The virtual tour allows viewers to explore a 3D rendering of the space and click on various elements to read text, listen to audio clips and watch videos about them. Walking in the door, one can see up to the second level, and a two-story stained glass window. Above the door is a white plaster bas-relief that depicts five muses: dance, music, drama, art and, in the center, architecture. “Miller believed architecture was the highest art form, where science and technology blend with artistic expression and produce harmonious living environments,” Sullivan says in the tour audio.

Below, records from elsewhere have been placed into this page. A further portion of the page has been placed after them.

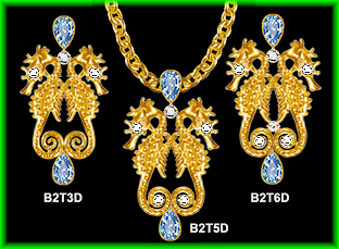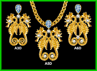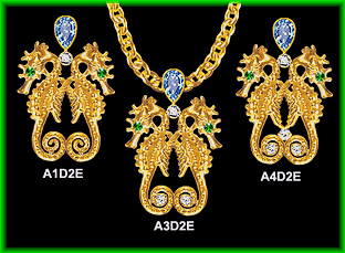 | Double Seahorse Pendant with two pear-shaped blue Topaz (4x6mm ), plus the stones specified below. Other combinations available. Please inquire. | 14K | 18K | |
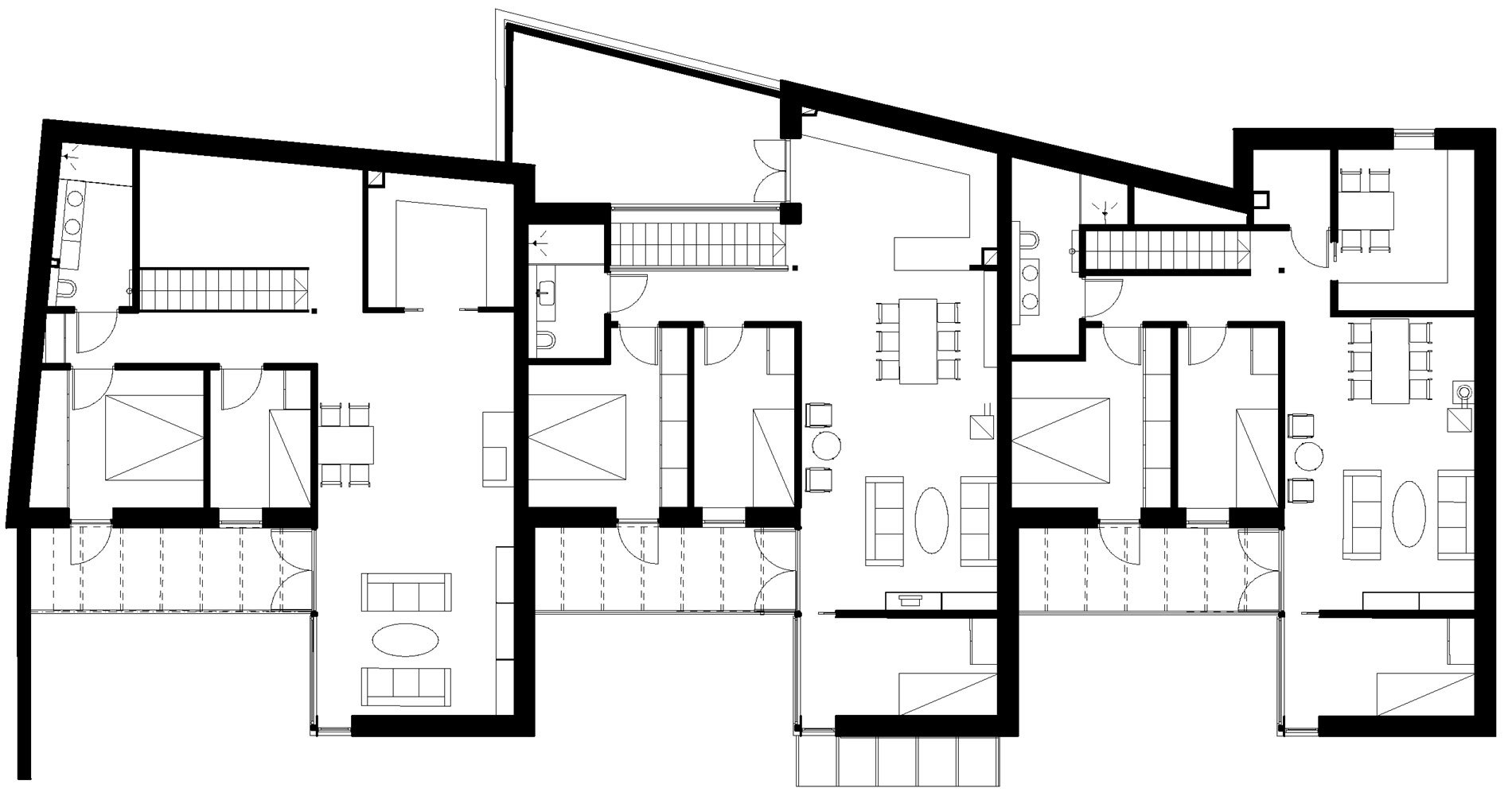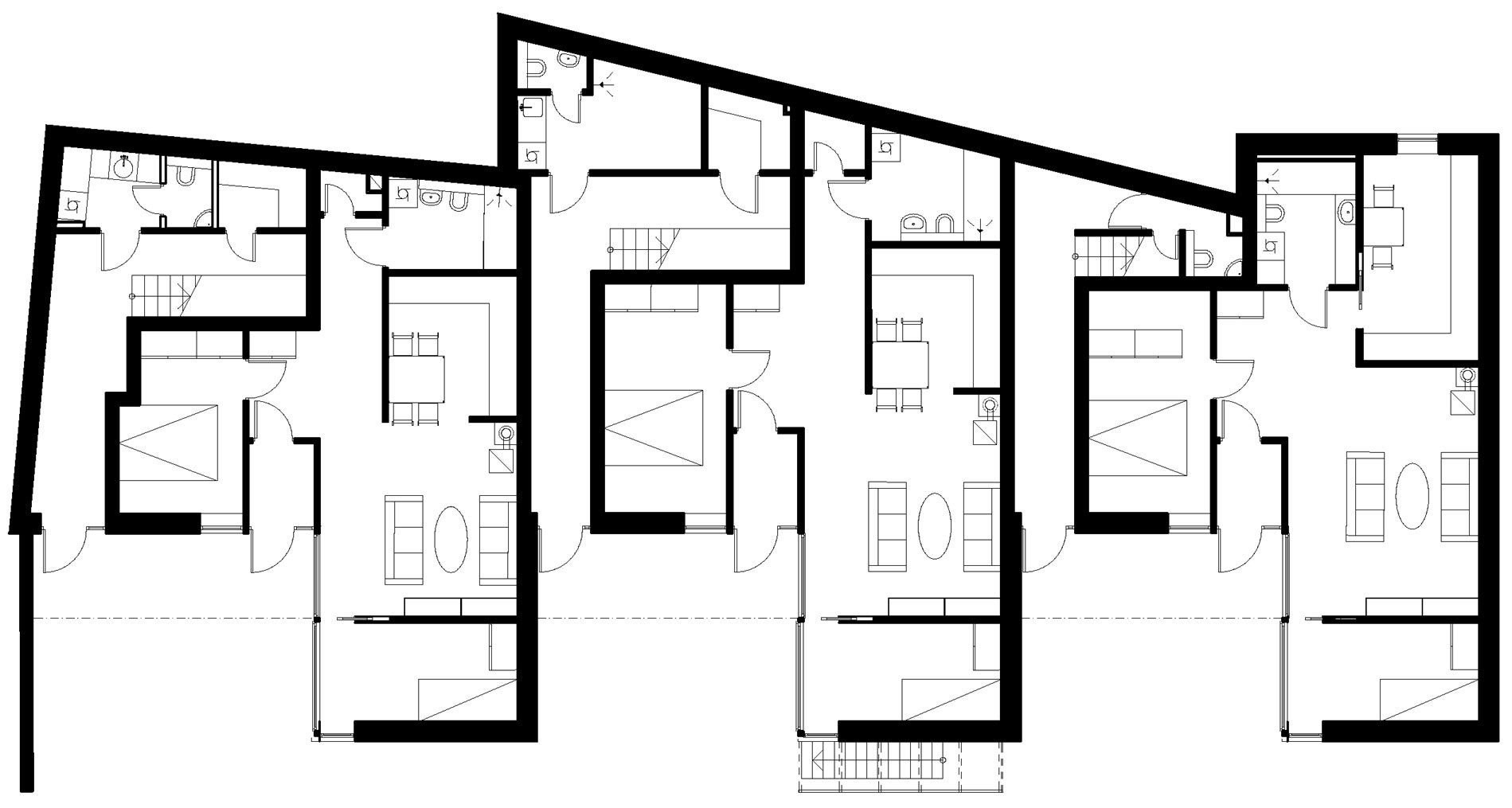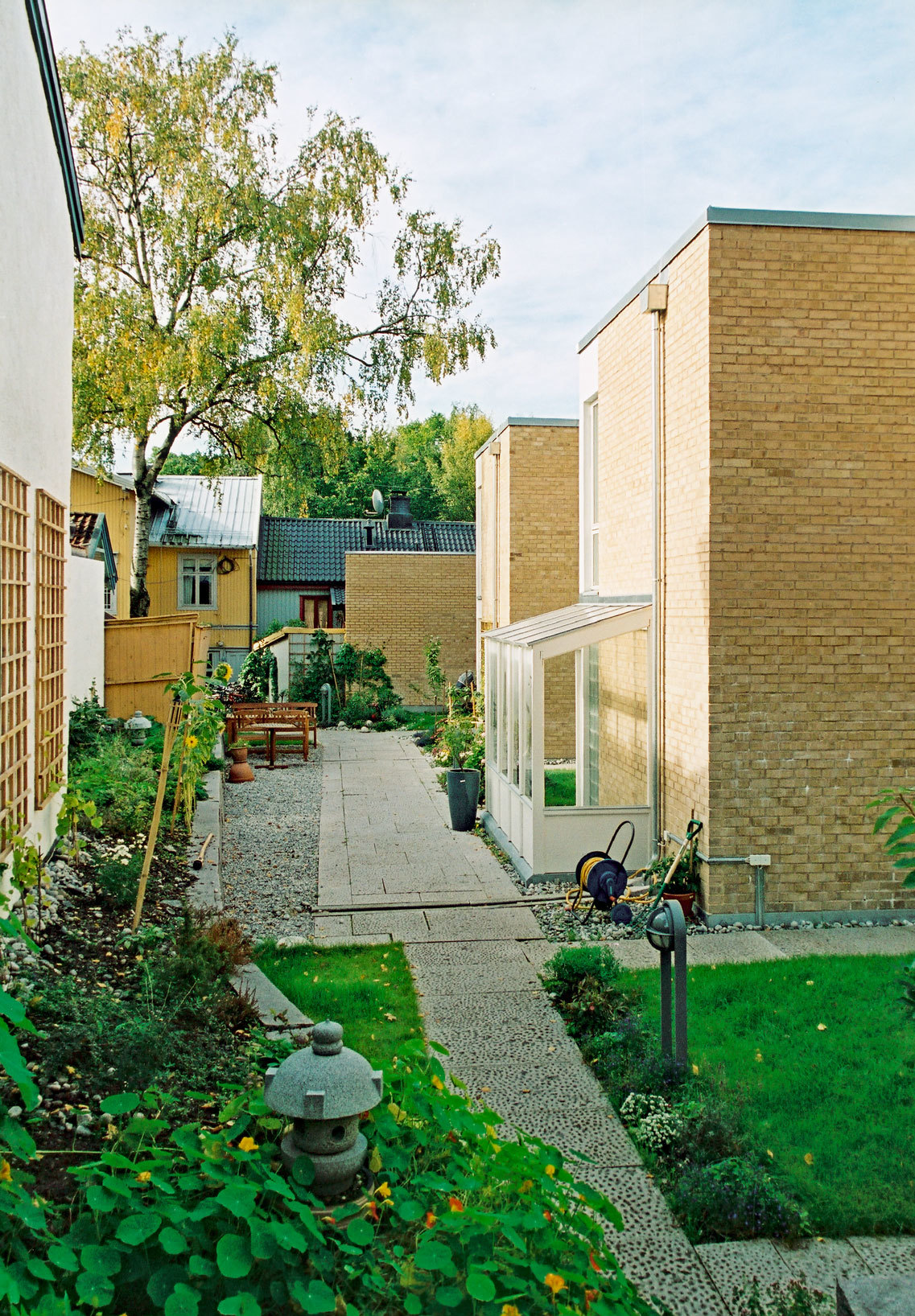 The brief was to build a maximum number of dwelling units with good external areas on a narrow site with party walls in three sides. The site is located in an area consisting of old protected timber houses.
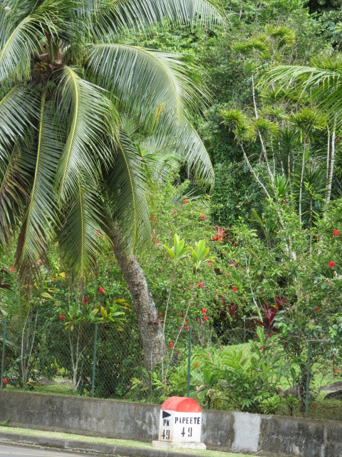 Bon le programme du jour, c’est la route du Monoi, ou tout simplement le tour de l’Ile ! 114 km sur la partie Tahiti Nui et 35 km sur la presqu’ile de Tahiti Iti. Le repère se faisant par des bornes kilométriques dont le kilomètre 0 débute à Papeete. Pa’ea la petite commune où se situe mon studio se situe au km 22,5. Direction le sud avec un premier arrêt au km 49, où se situent les Sources et bains de Vaima ainsi que les Jardins d’Eau de Vaipahi. C’est un très beau site à flanc de montagne, un joli jardin très bien fleuri en cette période de l’année a été aménagé et ornementé par le cours d’eau et quelques bassins. Des sentiers de randonnées balisés le long des cascades partent également depuis les jardins.
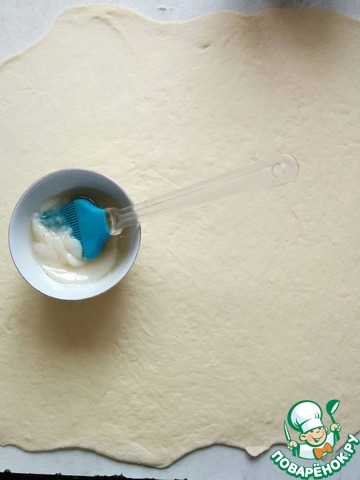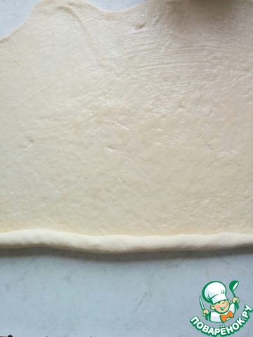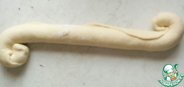 Когда смалец застынет на тесте, начинаем его скручивать в рулет, от края.
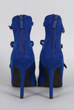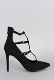 This stunning  pointy toe , cage-like silhouette with buckles accent, single sole, and stiletto heel. Finished with lightly padded insole and rear zipper closure for easy on/off.
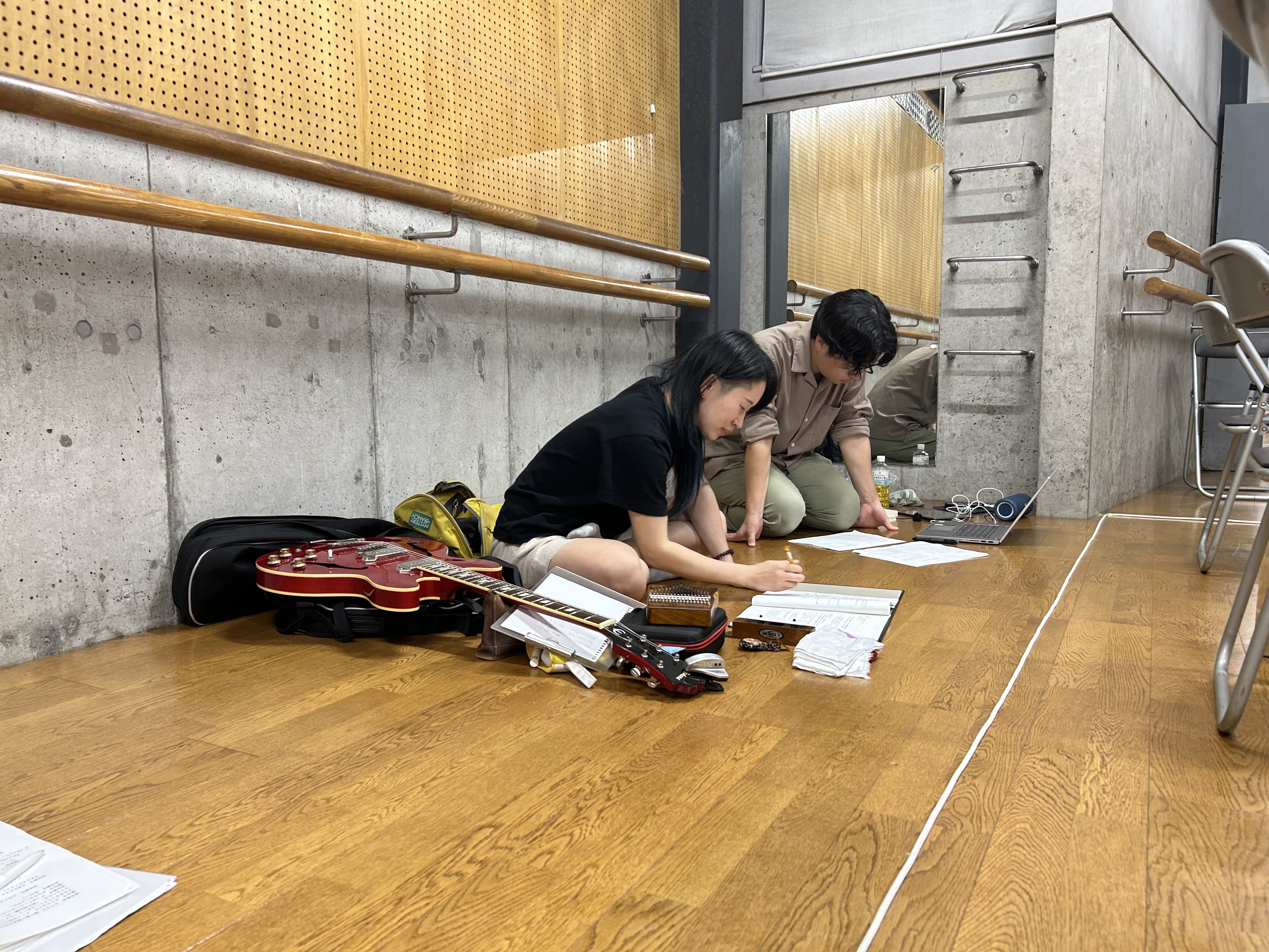 今日の稽古では、「プシュー」という汽車の効果音を生声で出す、というアイディアがあり、できるだけ汽車の大きさや重厚感を感じてもらえるよう、こんな感じの出し方が良いんじゃないか、と説明してらっしゃいました。
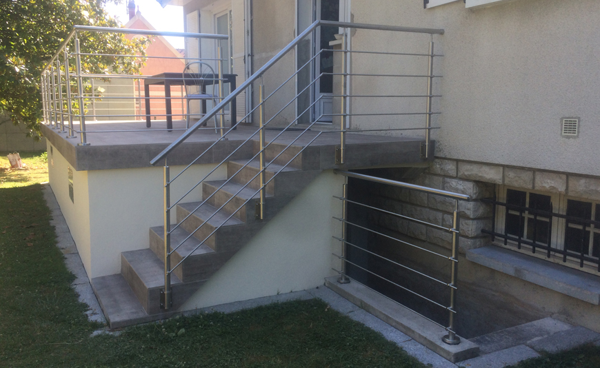Il faut toujours choisir la qualité d’inox de votre rambarde inox en fonction de l’endroit où vous l’installez. L’inox 304 est réservé à une utilisation en intérieur. En extérieur, l’inox 316 en finition brossé est parfait pour un garde-corps de terrasse, de balcon, ou une rampe d’escalier. Près de la mer ou aux abords d’une piscine, on préfèrera l’inox 316 poli miroir, du fait de l’atmosphère particulièrement corrosive de ces environnements.
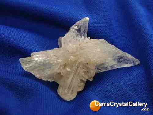 This is a nice little piece of clear Gypsum, also known as Selenite. It is a cluster in a crucifix-type shape with smaller crystals coming out of the contact points of the larger crystals. There is no visible contact damage, but there is some very light microdamage on a couple of the crystals.
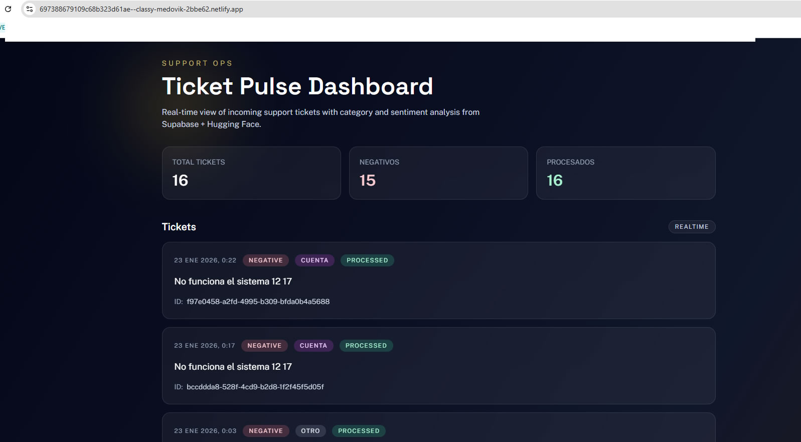 Production dashboard showing real-time ticket metrics and processed status, validating the frontend connection to Supabase.
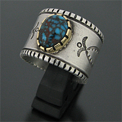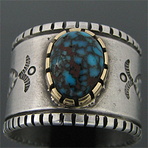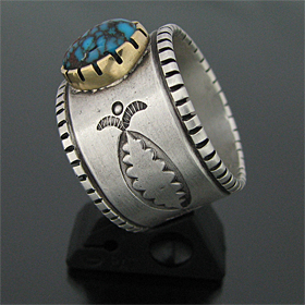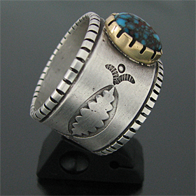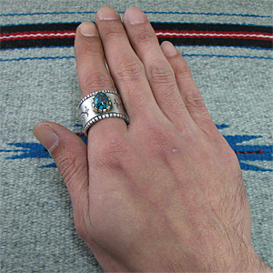 ナバホ族 Darryl Begay ランダーブルー コインシルバー 18K リング 24.5号 [R2-046]
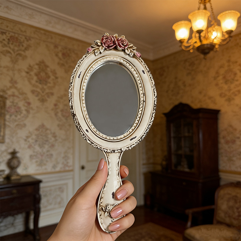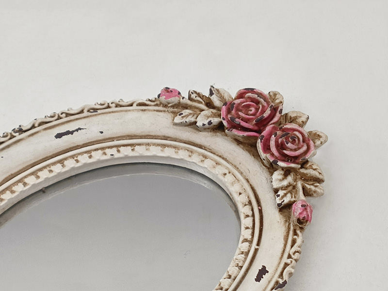 El marco y el mango están decorados con patrones de relieve tridimensionales, y la parte superior está adornada con tallas de rosas rosadas, presentando detalles exquisitos.
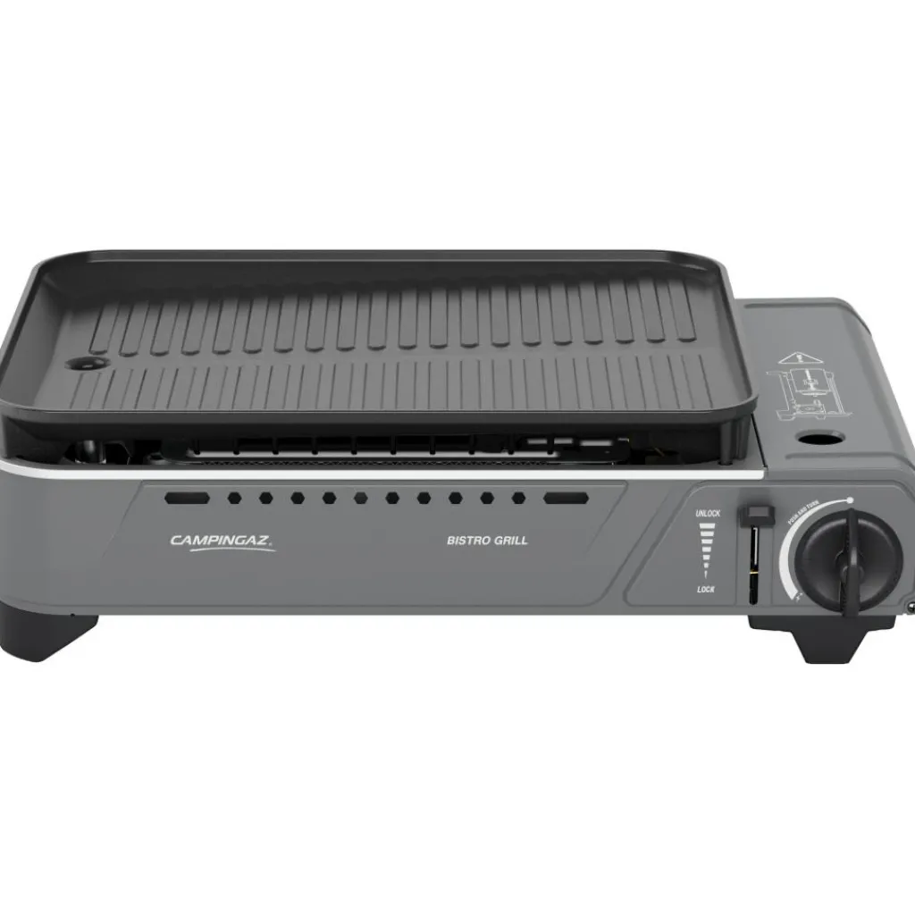 Dit Campingaz Bistro Grill kooktoestel heeft een compact formaat, waardoor u op de camping, op uw kleine balkon of heerlijk thuis makkelijk kunt grillen. Het kooktoestel is binnen 6 minuten verwarmd en heeft een antiaanbaklaag. Door het dubbel veiligheidssysteem wordt de gasstroom onderbroken bij oververhitting. De grill werkt op CP250-gaspatroon.
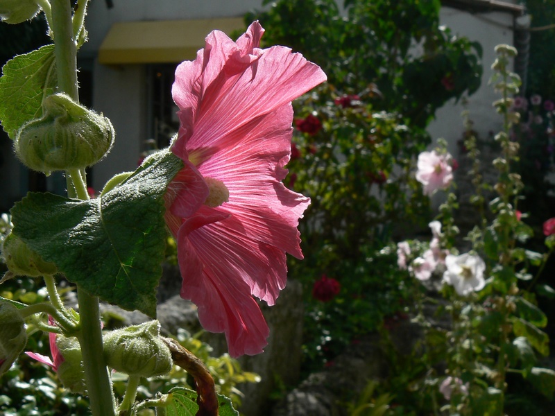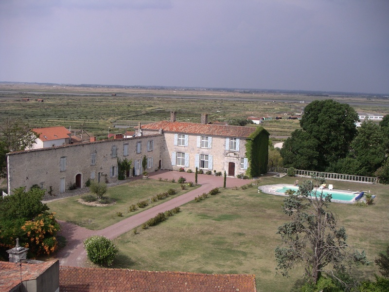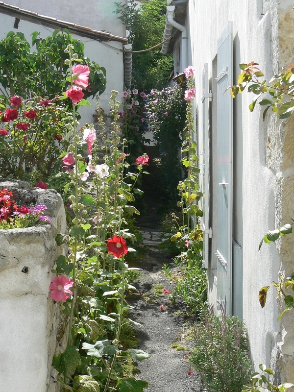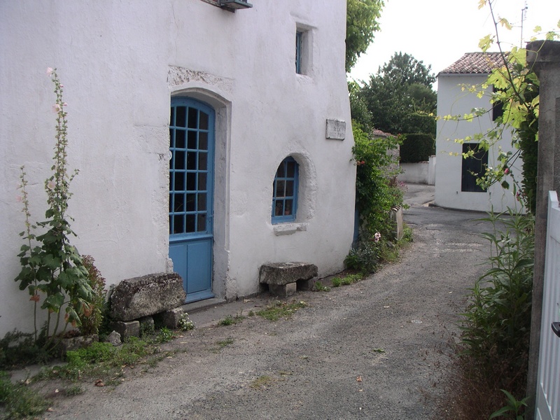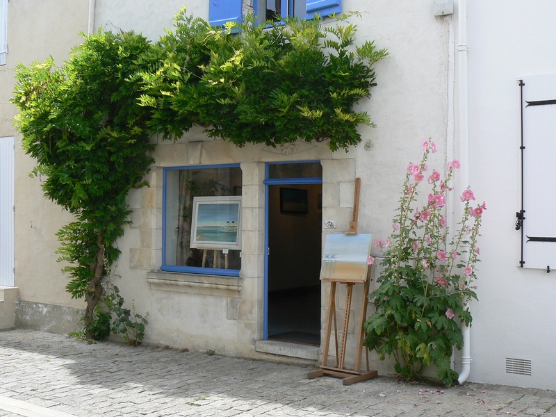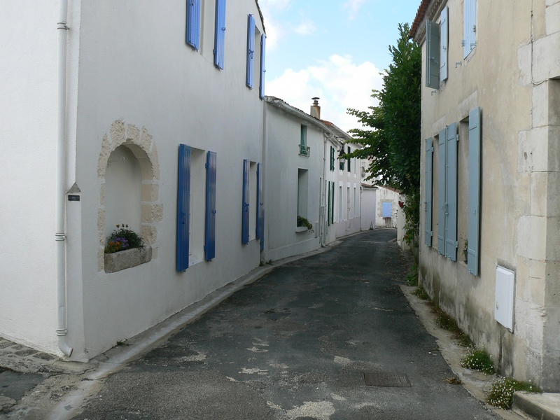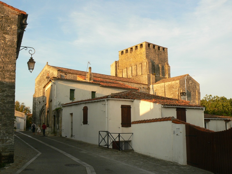 Sur la gauche, une rue piétonne s’engage, grimpant doucement jusqu’à l’église romane du clocher de laquelle on découvre le marais. Puis, la rue redescend doucement vers le port, ouvrant de part et d’autre des perspectives sur des ruelles blanches, décorées de roses trémières.

Visitors can follow the stairs, which are covered by elaborately carved wood latticeworks—some geometric, some featuring flora and fauna—up to the top floor, where they’ll see The Garden of Paradise stained glass window, the space’s apotheosis, both literally and figuratively. Sullivan calls the window, which is nine feet tall and 20 feet wide, spanning an entire wall, “one of the greatest secular stained glass pieces in America.” Jungle animals, birds and nude men and women are stylistically posed in an idyllic garden. In one of the 24 panels, a woman caresses a stag. The window epitomizes Miller’s ideas about the sanctity of nature and his wish for humanity to live in harmony with it. A pitched ceiling makes the room feel like a cathedral.

Glasner Studio 4
The apartment changed hands over the years, but remarkably, Miller’s work remained intact. Edgar Miller Legacy

“All of Miller’s many influences are in that window,” Sullivan says, of The Garden of Paradise. “Medieval, byzantine, modern, organic naturalism, there’s so much synthesized, yet it’s not discordant.” A chevron pattern appears in the window and throughout the house and is thought to demonstrate the influence of Mexican folk traditionalism, in which a zig-zag signifies the cycle of life, ascending from birth into life and then descending into death.

“While nothing can replace seeing Glasner Studio in-person, a virtual tour is in some ways a better way to it, because in person the space can be visually overwhelming,” Cahan says. “I had to walk through it many times before I could grab it in my mind. But I knew immediately I’d never seen anything like it before.”

Glasner Studio 5
The apartment complex is still privately owned—Glasner Studio itself is owned by a member of Bleicher’s family—so access is limited. Edgar Miller Legacy

Edgar Miller Legacy created the virtual tour when Covid-19 made it impossible for people to tour the space in person. Glasner Studio has been closed for public tours since March. The nonprofit hopes the tour will raise awareness of Miller’s work, and encourage preservation of the spaces and more scholarship on the artist. Miller’s papers are housed at the Chicago History Museum, but he has been little studied, Sullivan says. “There’s been a lot of scholarship about art and architecture in mid-century Chicago, but not as much about the interwar years,” she observes.

According to Bleicher, Miller was part of an experimental culture in the 1920s and ‘30s that had a hopeful vision for the future. That vision didn’t pan out because of the Great Depression, and a very sterilized style of architecture and design took over after World War II. “Miller challenged expectations, molds, ideas about what art can be,” he adds. “Exploring the living spaces he created, you see his philosophy of unbridled creativity. We hope people will see that and be inspired.”

For Cahan, Miller’s “legacy” is hard to pin down. “When I think of the word legacy, I think of people following in a person’s footsteps,” he says. “Nobody has followed in Edgar Miller’s footsteps, because nobody can do what he did.”